My triumphs cause my voice to roar to

click to continue reading poem…

Gaining Clarity

Gaining Clarity
WARNIN:  ( just to let who ever is reading this know I’ve decided to blog about my break up, blogging helps me find clearity so be aware you might see roller coaster of emotions day to day; I pray that this lesson this phase in my life ends with a happy ending, and at the end of this road I am able to love, sing, dance, feel free at ease again)
Whether I like it or not I’m a spiritual human nomad that has to keep on moving. I had become stagnant in my relationships lover, friendships, myself spirituality. I had noticed that the water wasn’t moving and a film was growing over I could no longer see myself in it and it was starting to smell and look old, but I refused to take action. Well, one day I took action in praying (in my opinion that’s the most powerful action). I told the Lord that I no longer felt the joy in life, I was bored, tired, I no longer had the enthusiasm, but I didn’t know what to do and to please help me out. My prayers were answered, but I had no idea that God would move the people around me away from me. The water has been shaken and now I’m asking God what do I do with this water now, I could see myself, but not clearly and I wasn’t happy with the disproportionate figure that I saw? I hear God say the sun is going to shine tomorrow and the water will evaporate up into the light, photosynthesis will occur.

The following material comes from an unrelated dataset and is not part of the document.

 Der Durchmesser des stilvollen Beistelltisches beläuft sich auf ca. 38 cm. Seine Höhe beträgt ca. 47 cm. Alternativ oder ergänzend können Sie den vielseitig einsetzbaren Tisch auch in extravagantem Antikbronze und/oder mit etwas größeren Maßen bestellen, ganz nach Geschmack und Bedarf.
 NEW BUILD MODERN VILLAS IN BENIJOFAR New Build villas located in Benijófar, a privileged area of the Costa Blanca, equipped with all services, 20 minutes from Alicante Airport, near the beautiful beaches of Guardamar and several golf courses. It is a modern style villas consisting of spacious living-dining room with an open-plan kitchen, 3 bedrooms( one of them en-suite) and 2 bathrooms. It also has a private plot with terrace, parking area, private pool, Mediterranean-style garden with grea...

 In the middle of the night I felt alone, I felt afraid curled up in the middle of my bed, this feeling is all new to me even though I have been there before in the past long ago, I start to cry and become irritable, tears start to fall, and I find myself on my knees at the end of my bed, not finding the words I remain silent then my heart starts to speak to the Lord. I hear God’s voice telling me, I will hold your hand through this Marie, I will carry you when you can not walk, I will speak for you when you can not speak, I will teach you, make you grow into something beautiful, I will make you brand new over and over again, listen to me when I speak take action when I tell you to. I start to cry until I fall asleep. I hear God in my sleep asking me have I ever let you down. I reply no.

 I am reminded of the 23rd Psalm

The Lord is my Shepherd; I shall not want.

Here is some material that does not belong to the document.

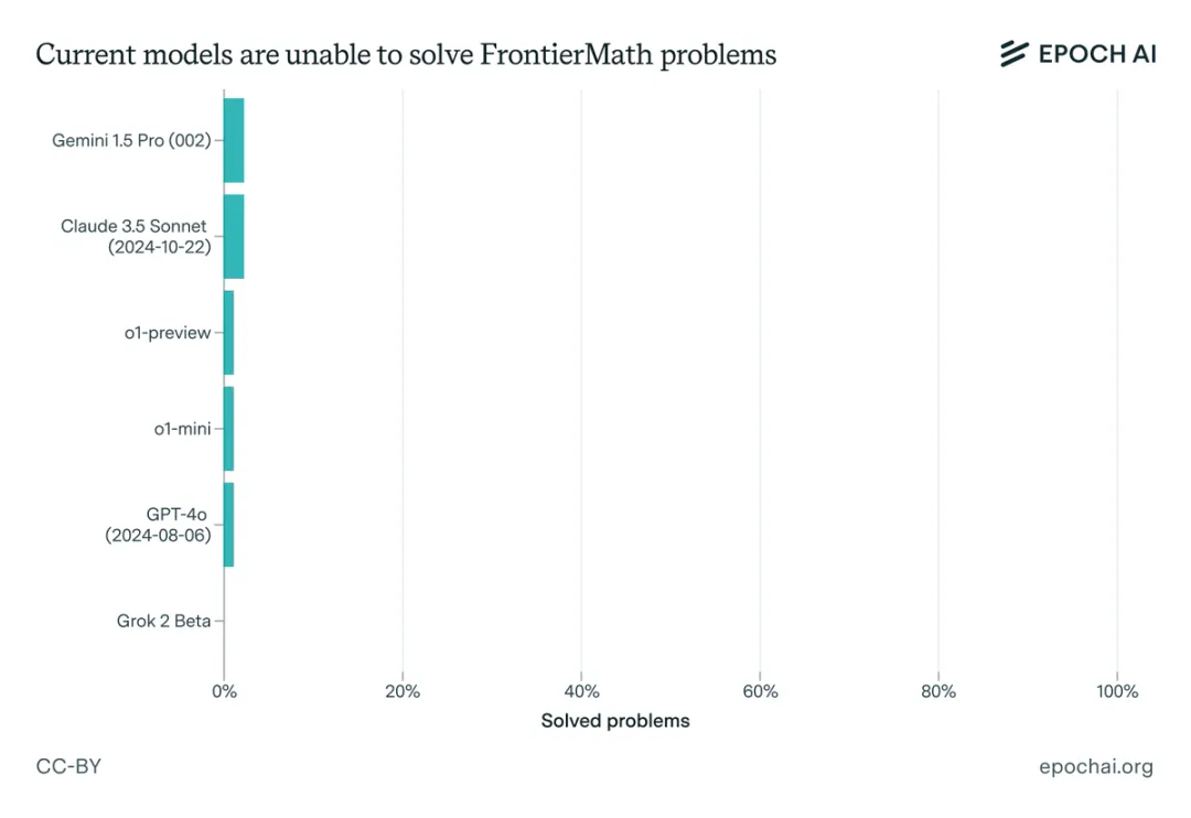 大型語言模型(LLM)最近在各種數學benchmark上瘋狂刷分,動輒90%以上的正確率,搞得好像要統治數學界一樣。然而,Epoch AI看不下去了,聯手60多位頂尖數學家,憋了個大招——FrontierMath,一個專治LLM各種不服的全新數學推理測試!結果慘不忍睹,LLM集體“翻車”,正確率竟然不到2%!🤡

He maketh me to lie down in green pastures:

He leadeth me beside the still waters.

He restoreth my soul:

He leadeth me in the paths of righteousness for His name’s sake.

Yea, though I walk through the valley of the shadow of death,

I will fear no evil: for thou art with me;

Thy rod and thy staff, they comfort me.

Thou prepares a table before me in the presence of mine enemies;

Thou annointest my head with oil; My cup runneth over.

Surely goodness and mercy shall follow me all the days of my life,

And I will dwell in the House of the Lord forever

So I woke up this morning feeling a little dizzy and light headed (no not a hang over, LOL) taking it easy with the wine these days it is not what I need or want right now. I drive into work run into a spiritual friend of mine who I only seem to meet up with when the time is right. He ask me “so Marie how are things going with you?” I say “I have my days today is a good day.” He then says to me. “Marie don’t get attached to things”. I feel a small punch in my tummy. I look him in the eyes and he says to me “we don’t own love, its beautiful to experience love, but we have to keep evolving, be grateful for what you and Charbel shared, you gave him a beautiful gift and he gave you a beautiful gift, but when things start to keep going round in circles, but not going in any direction that’s not good. Love him, but keep on moving, keep on learning keep on loving.”

 I could have hugged him for saying this to me. He asked me if he was being harsh, I said “no this is one of the most kind and beautiful things I’ve heard so far”.

 

So I am going to grow beautiful and bright like it has been written. Do I have any regrets? My answer is; No regrets I love my life that is bright like my name Bright Light Warrior Nika.